This cross-sectional study was designed to include all patients receiving treatment for Drug Resistant TB over a period of one year. So, there was no prespecified sample size for this study. This study was conducted at DR-TB centre, Burdwan Medical College and Hospital. Permission of Institutional Ethics Committee was obtained for the study. Written informed consents were obtained from all participating patients. 75 patients were included in the study. They were followed every month for 6 (9) months in intensive phase after the start of 2nd line drugs and adverse drug reactions were recorded, as the maximum adverse reactions usually occur in this period. Treatment was given as per guidelines by Revised National TB Control Program PMDT (programmatic management of drug-resistant TB) (erstwhile DOTS Plus).5 The Drugs used in this study are Kanamycin, Tablets Levofloxacin, Ethionamide Cycloserine, Ethambutol, INH for Rifampicin Resistant TB. Kanamycin, Levofloxacin, Ethionamide, Cycloserine, Pyrazinamide, Ethambutol for Multi Drug Resistant TB. Capreomycin, PAS, Moxifloxacin, High dose INH, Clofazimine, Linezolid, Amoxiclav for XDR. Correlation of the adverse reactions with the offending drug was done by WHO-UMC Causality Assessment Scale. After selection of each patient on the basis of inclusion and exclusion criteria a written informed consent was taken. Data was collected using a pretested pro forma meeting the objectives of the study. Detailed history, physical examination and necessary investigations were undertaken. The purpose of the study was explained to the patient and informed consent obtained. At the end of the study the data was complied, tabulated for analysis.

 

Inclusion Criteria

  1. Patient of age >18 years.
  2. Both sexes.
  3. Patients with proved drug resistant tuberculosis.

 

Exclusion Criteria

Patients admitted <7 days in DR-TB Centre.

 

Parameters Studied

  1. HB%, TC, DC, ESR.
  2. Blood urea, serum creatinine.
  3. Liver function test.
  4. FBS/ PPBS.
  5. Sputum for AFB stain and gram stain.
  6. Line probe assay.
  7. Urine albumin, sugar and microscopy.
  8. Chest X-RAY PA view.

 

Statistical Analysis

All the collected data were analysed by using SPSS version 16 statistical software. Descriptive statistics were applied to the data. All data were presented as number and percent. Chi Square Test and Fisher exact test were applied wherever applicable to find out statistical differences and p value <0.05 were considered statistically significant.

RESULTS

In our study among the 76 cases, most of them were pulmonary Tuberculosis (96%) whereas only 4% were Extra Pulmonary Tuberculosis.
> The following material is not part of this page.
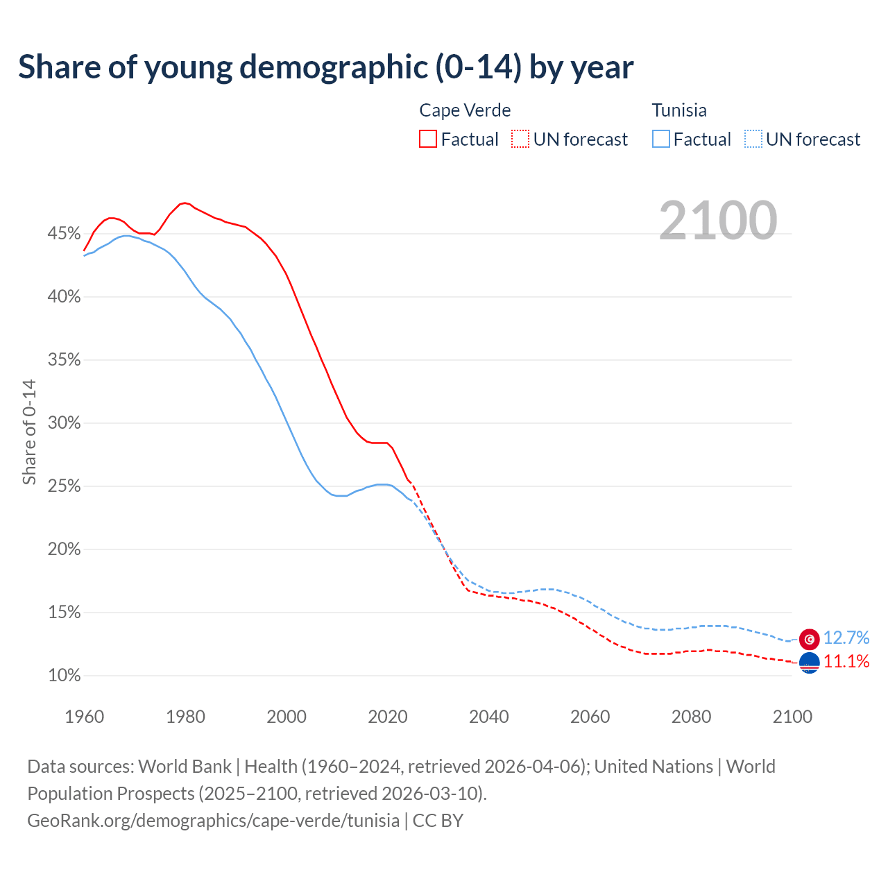 - The share of young demographic (0-15 years old) in Cape Verde is 25.5% vs 24% in Tunisia.

Majority were from age group 21-30 (44%), that is, the most productive age group of life. Majority 64% either studied up to 5th standard or are illiterate (fig. 1). Majority (95%) live in a Kuchcha house. 32% of patients were farmers, 23% were housewives and 12% were labourers. Most of them (84.2%) had no co morbidities but among the rest a significant number of patients (6.6%) had Diabetes Mellitus. In our study 50 patients are Rifampicin Resistant (RR), 25 patients are MDR, 1 patient is XDR. Majority 67 out of 76 had a history of incomplete ATD intake (88.2%). Biological specimen: sputum CBNAAT/ LPA/ DST MTB detected, Rif resistant was found in 71 patients, MTB detected, Rif resistant by CBNAAT in FNAC of lymph node for 3 patients and both sputum & pleural fluid CBNAAT MTB detected, Rif Resistant for 2 patients. Chest X-Ray features showed that a majority: 41 patients had bilateral consolidation and 21 patients had cavitary lesion. Overall compliance in IP: 63 patients had taken regular medication and 13 patients took irregular treatment or were lost to follow up. 3 patients died in each, regular and irregular treatment.

Figure 1. Age Distribution of MDR and XDR TB Patients

 

Figure 2. Gastrointestinal System Related ADRs

 

Adverse drug reactions related to Gastrointestinal system like nausea, vomiting, heart burn and sulphurous belching were noted in most of the patients and these were more common after initiation of treatment (fig 2). Among the GI related symptoms, incidences of emesis (nausea & vomiting) were higher than even cumulative of all other GI related ADRs and the difference was statistically significant (p, <0.0001).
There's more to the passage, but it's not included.